Needless to say, all three project concepts are up against some major challenges. The NIAC funding is just a drop in the bucket; each would cost more than $1 billion to develop, build, and become operational. (“I would like to say to anyone who has money that if you give me $5 billion, I can launch this tomorrow,” Bandyopadhyay says.) 

There’s also the problem of labor. All three projects propose using rovers, which would need to hibernate to survive the -173 Celcius temperatures of the lunar night—which lasts 14 Earth days. And it’s unclear if it would be best to use rovers that are automated, or operated by astronauts on the moon, in orbit, or on Earth. Most of all, the precise strokes of orchestrating not just a successful landing but also a flawless rover-based construction project on a vast scale are … let’s say, yet to be determined.

On an optimal schedule, FarSide could begin operations before the end of the decade; FarView in the 2030s; and the LCRT by 2040. “I would personally be very surprised to see it launch before I retire,” Bandyopadhyay says.

In the meantime, other projects may help us understand the secrets of the Cosmic Dark Ages. The new James Webb telescope, which is expected to launch this fall to study the Cosmic Dawn, may provide data that could help scientists extrapolate backwards into the Dark Ages. And researchers are working to better study the more limited neutral hydrogen frequencies that they can observe from Earth.

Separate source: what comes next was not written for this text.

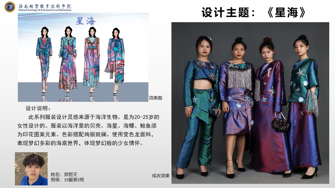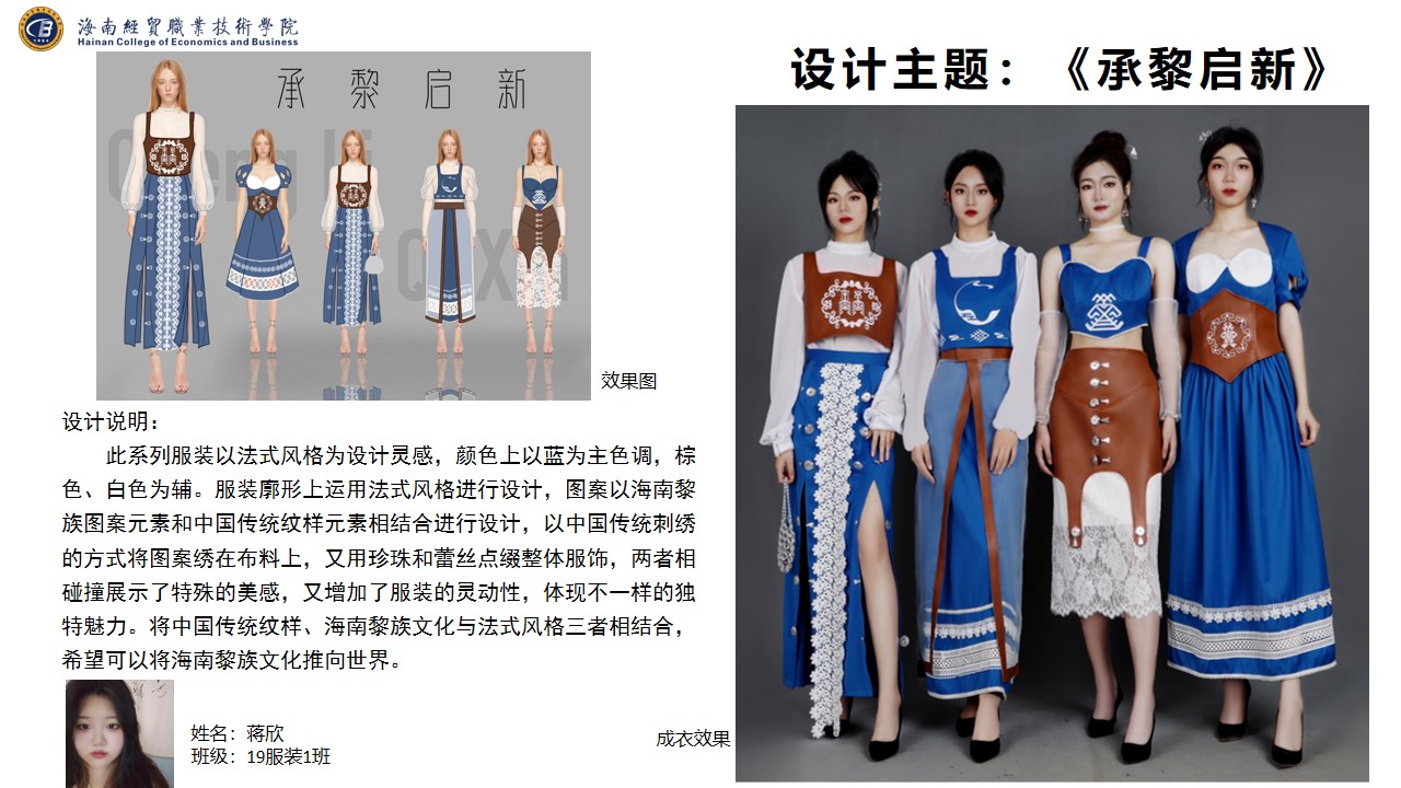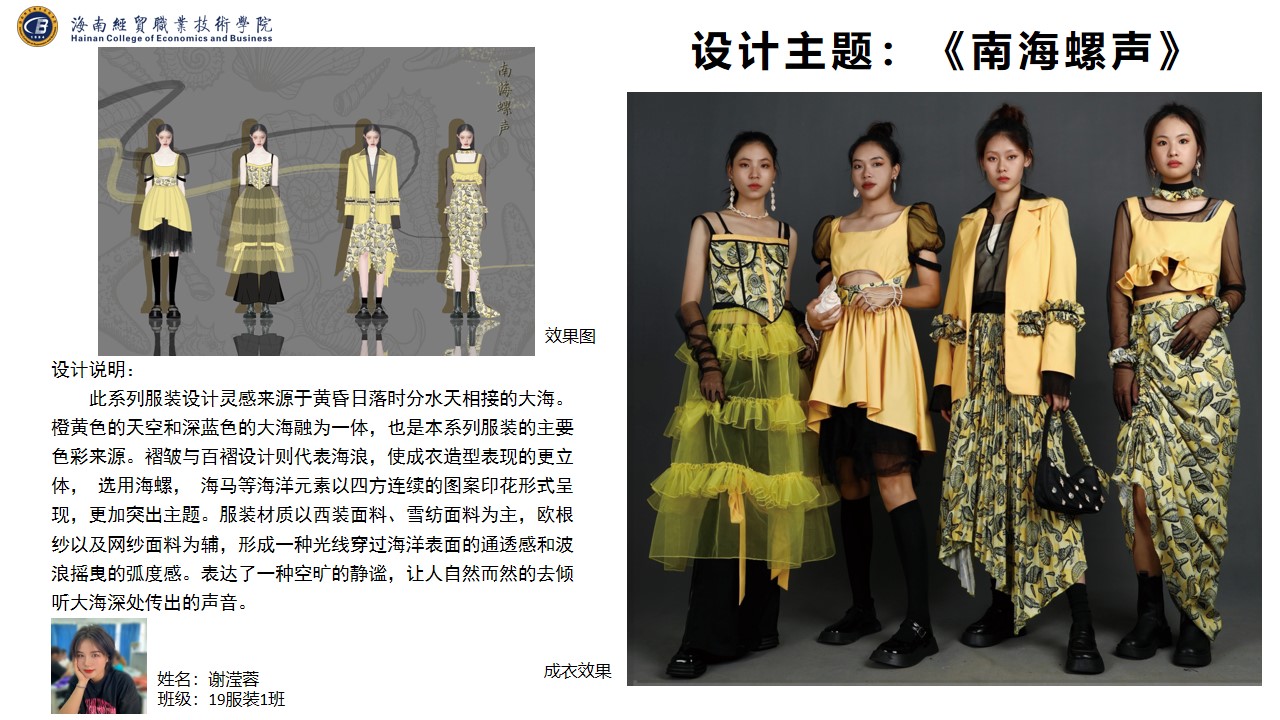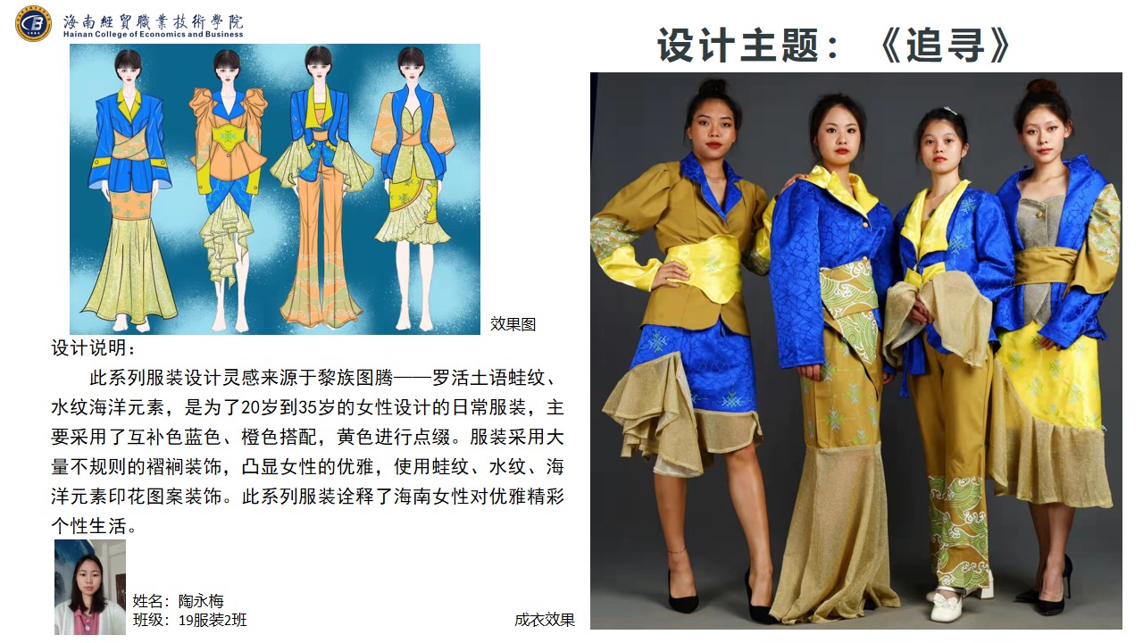 服装与服饰设计专业毕业展以“承续·尚潮”为主题,通过动态秀、静态展和线上展等三种方式,展示了76位毕业生的305套服装及其配饰作品。动态秀在公司图书馆报告厅举行,校领导、师生以及兄弟院校服装专业负责人、中高职3+2分段培养合作办学试点院校儋州中等职业技术公司部分师生以及省内服饰企业代表共计460余人现场观看。动态秀以海南特色元素为核心,从整个毕业生设计作品中精选40个服装系列,涵盖男装、女装、童装、运动装、休闲装、礼服、创意装多个服装类别,通过模特动态展示,完美展现了博大精深的海南民族文化和热带海洋风情,为观众呈现出一场传统与现代、时尚与个性的视觉盛宴。静态展在该校图书馆展厅举办,展出全体服装与服饰设计专业毕业生的设计作品,包括服装实物和展板,展出时长为1个星期。线上展在该校beats365亚洲版官网官网上展出。静态展和线上展对社会开放。

But until they either reach the far side or run out of time, Bandyopadhyay, Burns, and others will keep shooting for the moon. “I’m a child of optimism and science fiction,” he says. “I want—not for myself, but for my grandkids or great-grandkids—to enable space travel, matter and antimatter engines, and things like that. And we’ll be nowhere then if we don’t seek answers to fundamental questions like ‘What is the universe made of?’ right now.”